In [4]:
!pip install -q huggingface_hub

In [2]:
from dotenv import load_dotenv
import os

load_dotenv()

hf_token= os.getenv("HF_TOKEN")

### Serverless API

In the Hugging Face ecosystem, there is convenient feature called Serverless API that allows you to easily run inference on many models.

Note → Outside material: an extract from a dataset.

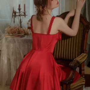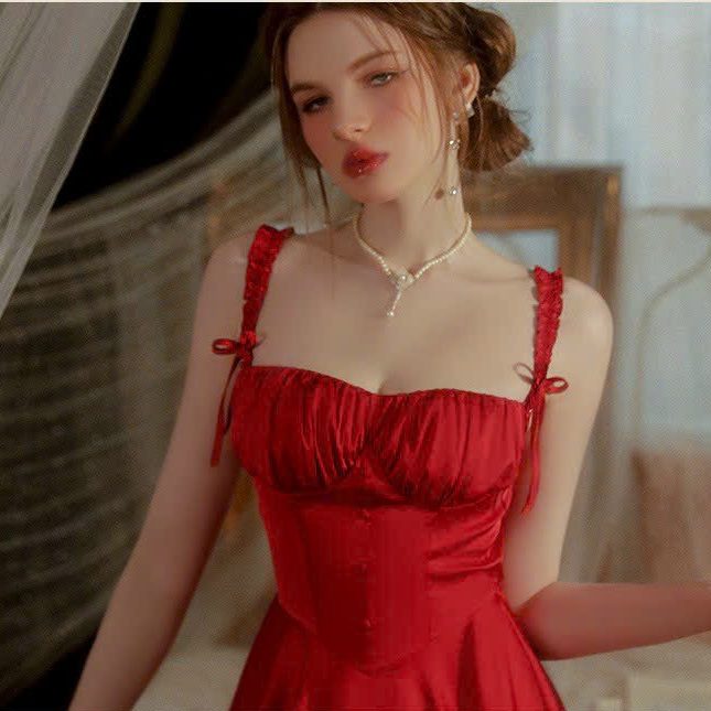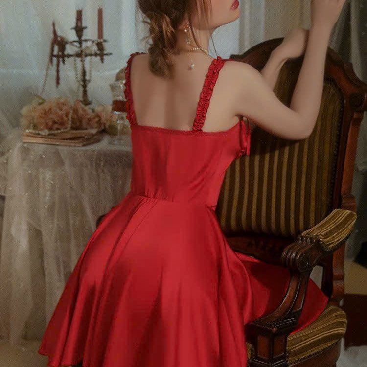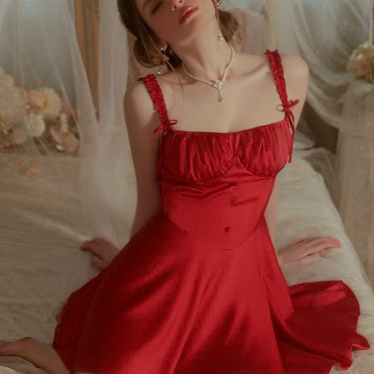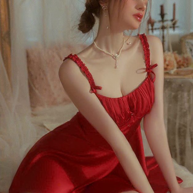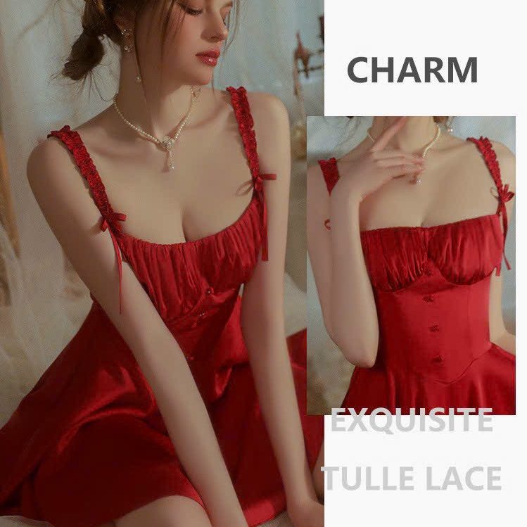 Váy ngủ lụa đầm xoè cổ đổ kiểu dáng đáng yêu dễ thương.

There's no installation or deployment required.

In [5]:
from huggingface_hub import InferenceClient

os.environ["HF_TOKEN"]= hf_token

client = InferenceClient("meta-llama/Llama-3.2-3B-Instruct")

In [6]:
client

<InferenceClient(model='meta-llama/Llama-3.2-3B-Instruct', timeout=None)>

if we just do decoding, the model will only stop when it predicts an EOS token, and this does not happen here because this is a conversational (chat) model and we didn’t apply the chat template it expects.

In [8]:
output= client.text_generation(
    "The capital of pakistan is",
    max_new_tokens=100,
)

print(f"The capital of pakistan is {output}")

The capital of pakistan is  islamabad
The capital of Pakistan is actually Islamabad, not Karachi or Lahore. Islamabad is a planned city located in the north of the country, and it has been the capital of Pakistan since 1959. It was chosen as the capital due to its strategic location and accessibility to the country's northern regions.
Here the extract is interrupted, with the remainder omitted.